Постепенно мещанство обзаводится своей литературой, которая «героизирует» мещанина. Это делается очень просто: автор берёт ничтожнейшего Акакия Акакиевича из «Шинели» Гоголя, снабжает его психологией Ивана Ильича или героя «Мысли» Л.Андреева и, поместив такого искусственного человечка в современную обстановку, как-будто создаёт новый характер. Мещанин читает и наслаждается: «Вот какие у меня могут быть «глубокие переживания». Уже десятки раз воскрес в новых книгах старый знакомый Макар Девушкин и множество прочих «униженных и оскорблённых», но страдающих не столько по Достоевскому, сколько потому, что «патоки — мало, яиц — мало, масла — мало».

Всё чаще появляется в современной литературе излюбленная мещанством «неповторяемая личность» — человек, который жаждет абсолютной свободы выявления своего «я» и не хочет иметь никакого отношения к действительности, презираемой им. Прочитав книжку о герое, сделанном из материала наших великих мастеров слова, современный мещанин впадает в некий священный восторг перед самим собою и пишет кому-нибудь письмо, изображая себя так:

«Весь мой жизненный путь индивидуален, неповторяем, неподражаем, ведь больше никто в мире и в жизни не повторит его, этого пути, этих этапов, как и до меня никто не проделал.»

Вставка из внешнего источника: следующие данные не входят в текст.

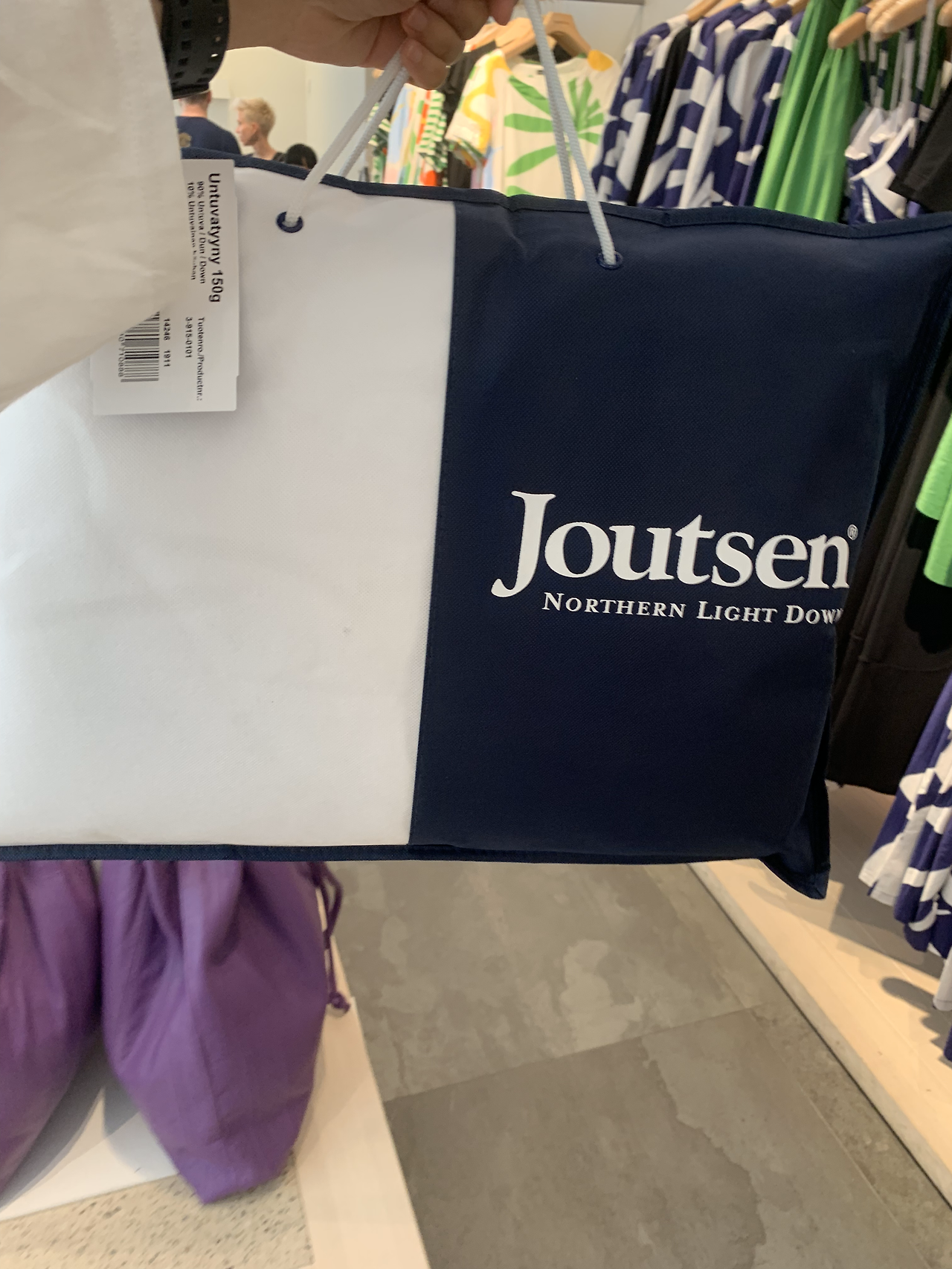 전날 수영장에서 찰박찰박 거린 덕분인지 평소보다도 더 늦게 일어났다. 토미가 가는 것도 못보고 정신없이 기절. 게다가 일어나서 뭐하지 하며 이불 속에서 뒹굴 거리다가 내가 여기서 푹 자는게 혹시 베개 덕인가 싶어 베갯잇을 벗겨 브랜드를 확인하고 검색하니 핀란드 브랜드라고 했다. “Joutsen” 이라는 브랜드로, 백조의 털로 만들어서 유명하다고 했다. 백조라니, 흥미가 생겨 쇼핑하러 가야지! 하고는 몸을 일으켜 나왔다.

И ещё хорошо, если этот троекратный «непо…» выразит восторг перед самим собою только в письме: иногда он пишет целую книгу, в которой можно найти такие откровения:

«…Моё творчество было для меня выше опьянения от вина, сильней любви, слаще сна.»

Не смущаясь сомнительной грамотностью этой фразы, он продолжает:

«Я не могу уверять скептиков, которые считают художника обыкновенным человеком, в том, что в минуты опьянения «творчеством» я становился выше обыкновенного человека и всё знал. О, если б я был законодатель! Я написал бы такую статью закона, которая давала бы преимущественные права художнику мчаться в поездах и аэропланах, чтоб острым глазом пронизать пространство земли.»

Автор не способен заметить, как смешно и наивно столь сильно выраженное стремление к мимолётности и верхоглядству его нелепого героя, к которому он, автор, относится положительно. Критика тоже не замечает этого, авторы уже почитают себя «аристократами духа», великодушные издатели думают, что всё это очень хорошо, и предлагают читателю всё больше и больше словесной соломы, а критики, поглощённые междоусобной бранью и выпрямлением идеологической линии, плохо видят, как в литературу лезет «стопроцентный» мещанин.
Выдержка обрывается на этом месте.